The search for that correct abstraction led directly to Brook. Presented in 2004 as a paper at the SIGGRAPH conference, Brook for GPUs was a system explicitly designed to enable general-purpose computation on programmable graphics hardware. It approached the problem by extending the familiar C programming language with data-parallel constructs, attempting to make the graphics card look and act like a streaming coprocessor. Instead of demanding that developers understand shaders, textures, and rendering pipelines, Brook offered a cleaner mental model built entirely on streams and kernels. In this model, a stream was a collection of data requiring similar computation, and a kernel was a specific function applied sequentially to each element of that stream.

The ingenuity of the Brook system lay in its underlying compiler and runtime environment, which worked together to virtualize the physical graphics hardware. The system effectively abstracted away the idiosyncrasies of the rendering pipeline, presenting a much more generalized computational interface to the programmer. In a later retrospective interview, Ian Buck explained the pressing necessity of this approach. He described Brook as an attempt to systematically abstract the inherent “graphics-isms” into general programming concepts. Before such a system existed, he noted, porting a standard non-graphics application to run on a graphics card effectively required specialized graphics expertise. Brook provided a much-needed framework for thinking about GPUs as pure compute devices, systematically stripping away the rendering metaphors that had previously defined GPU programming.

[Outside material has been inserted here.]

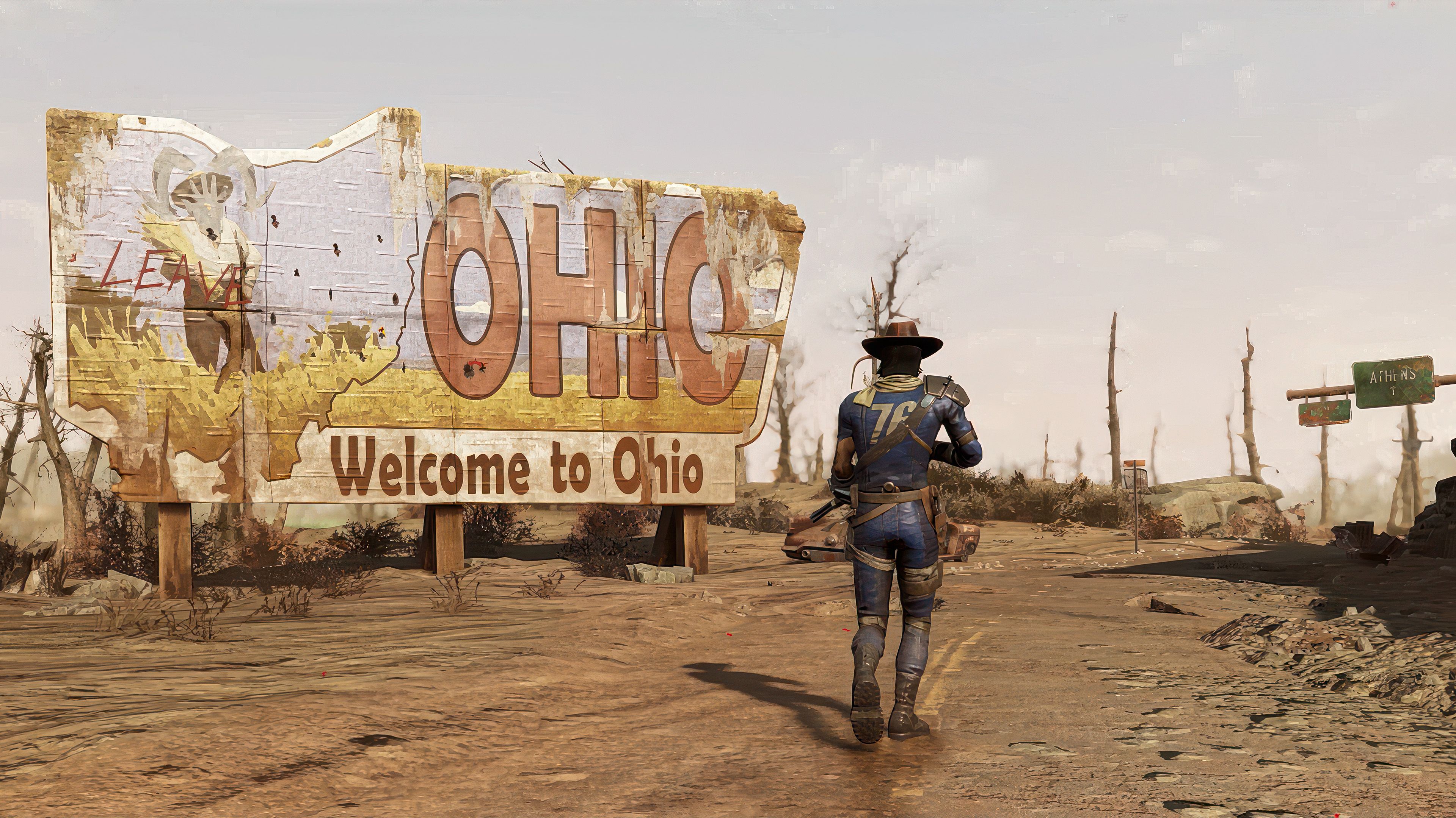 Я заметил, что Огайо часто становится объектом шуток в сети, и это действительно взлетело в виде мемов в последние годы. Это началось примерно в 2022 году с идеи, что там всегда происходит что-то действительно странное – эта штука с надписью ‘Only in Ohio’. Теперь, просто сказав ‘Ohio’ в сети, по сути, означает, что что-то странное, тревожное или просто… неловкое. Поэтому, когда я услышал, что новое место действия для Fallout 76 основано на Огайо, я сразу задался вопросом – что именно делает это Огайо таким особенным и как это вписывается в эту общую атмосферу ‘там происходят странные вещи’?

Brook’s importance was that it changed the programmer’s first question. Instead of asking how to draw a useful picture whose pixels happened to encode a computation, the programmer could ask where the data parallelism lived. A simple operation such as SAXPY, usually written as y = ax + y across the elements of two vectors, was a natural fit for the stream model because each element could be updated by the same small kernel. A matrix-vector multiply had a similar shape, though with more demanding memory access and reduction behavior. Fast Fourier transforms, image segmentation, and ray tracing were more varied, but they still showed how far the stream idea could be pushed when a compiler and runtime absorbed the graphics-specific bookkeeping.

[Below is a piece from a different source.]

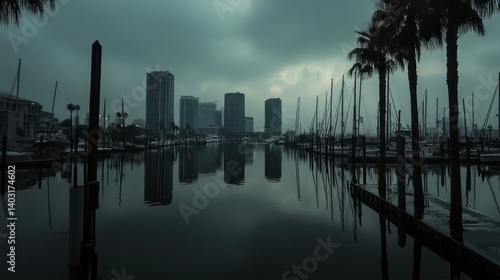 Naklejka premium Cityscape marina dawn, foggy harbor, reflections, boats, moody

The inclusion of reductions was especially important because many scientific programs do not merely transform arrays element by element. They also need to combine results: sum values, find extrema, accumulate partial products, or collapse a large intermediate structure into a smaller one. On a graphics pipeline, those operations were awkward because the machine was happiest when many independent pixels could be processed without coordination. Brook did not make the GPU a general CPU, but it gave programmers a vocabulary for describing both broad parallel maps and the more constrained operations that gathered results back together. That vocabulary made the remaining limitations visible. The programmer could see the shape of the computation in ordinary terms, while the system handled the translation into the older graphics machinery as far as that machinery allowed.

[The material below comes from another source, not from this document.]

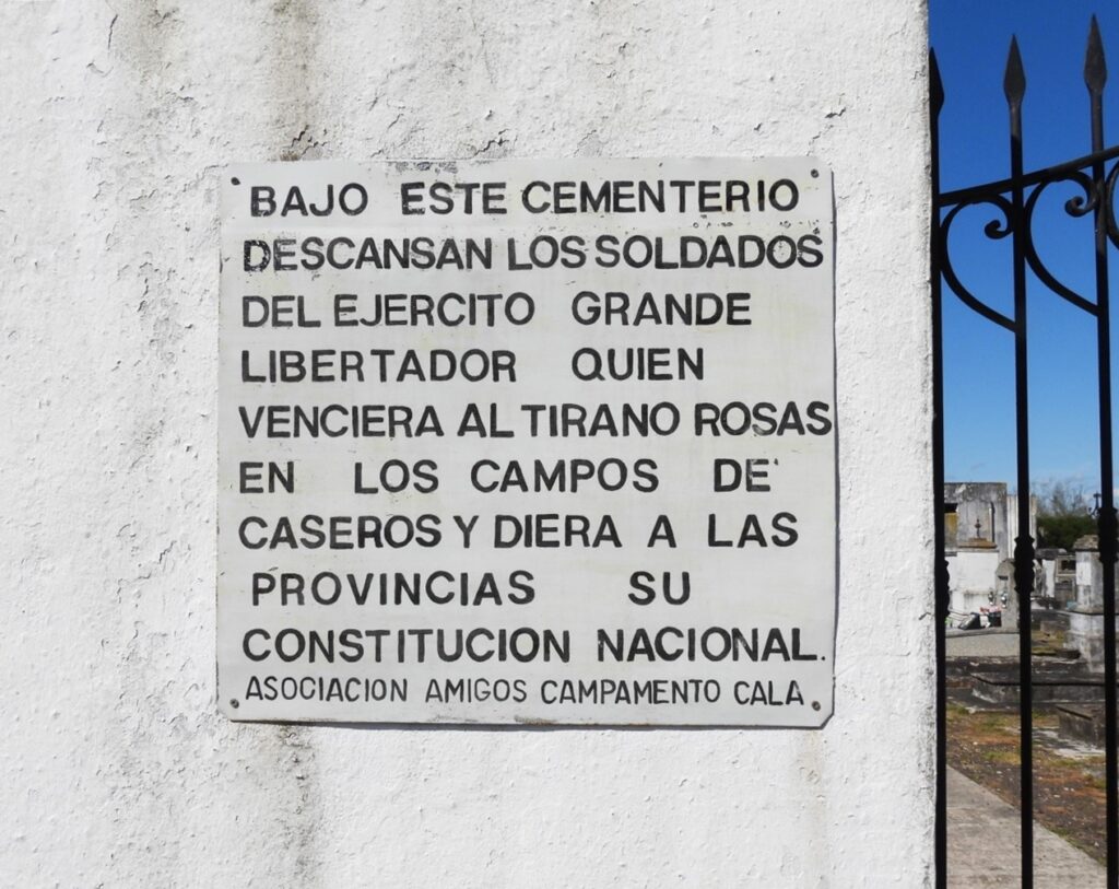 Cuando el Ejército Grande partió hacia Buenos Aires, el número de habitantes del Campamento Calá se redujo considerablemente, razón por la cual también se redujeron las sepulturas. Y a partir del asesinato de Urquiza, que implicó un tremendo golpe para los lugareños, al destruir todo lo que servía para el ejército, para que no fuera tomado por los asesinos, todo entró en un estado de abandono. Sin embargo, los pocos soldados que ahí permanecían, junto a sus familias, y algunas personas que habitaban los alrededores, tenían la necesidad de enterrar a sus difuntos en ese solitario cementerio, que parecía que se negaba a desaparecer.

The results published in the 2004 paper demonstrated that this abstraction did not come at the cost of the hardware’s underlying speed. When benchmarked, Brook’s implementations of standard algorithms proved highly effective. The researchers tested the system on classic computational workloads, including SAXPY operations, single-precision general matrix-vector multiplication, image segmentation, fast Fourier transforms, and ray tracing. These were foundational operations in scientific computing, and proving that they could run efficiently on a GPU without raw graphics code was a significant milestone. The Brook implementations performed comparably to code written painstakingly by hand in specialized graphics languages. Furthermore, in some scenarios, the Brook implementations were reported to be up to seven times faster than their standard CPU counterparts. It was a compelling, empirical proof of concept: a specialized compiler could successfully hide the rigid graphics pipeline while preserving, and exposing, the massive performance advantages of the GPU.

However, Brook was still fundamentally a software adaptation, carefully fitted to the physical limitations of earlier-generation programmable graphics hardware, specifically the DirectX 9 class of cards. It reflected the hard constraints of its era. While it successfully introduced the concepts of streams, kernels, and reductions to the GPU programmer, it was forced to operate within the rigid memory and execution models dictated by the existing graphics architecture. A compiler alone could only go so far in masking the true nature of the silicon. The underlying hardware still ultimately wanted to render graphics, and the software bridge was constrained by those fixed hardware pathways. For the abstraction to truly take hold and scale, the hardware itself would need to be rebuilt from the ground up to support general computation.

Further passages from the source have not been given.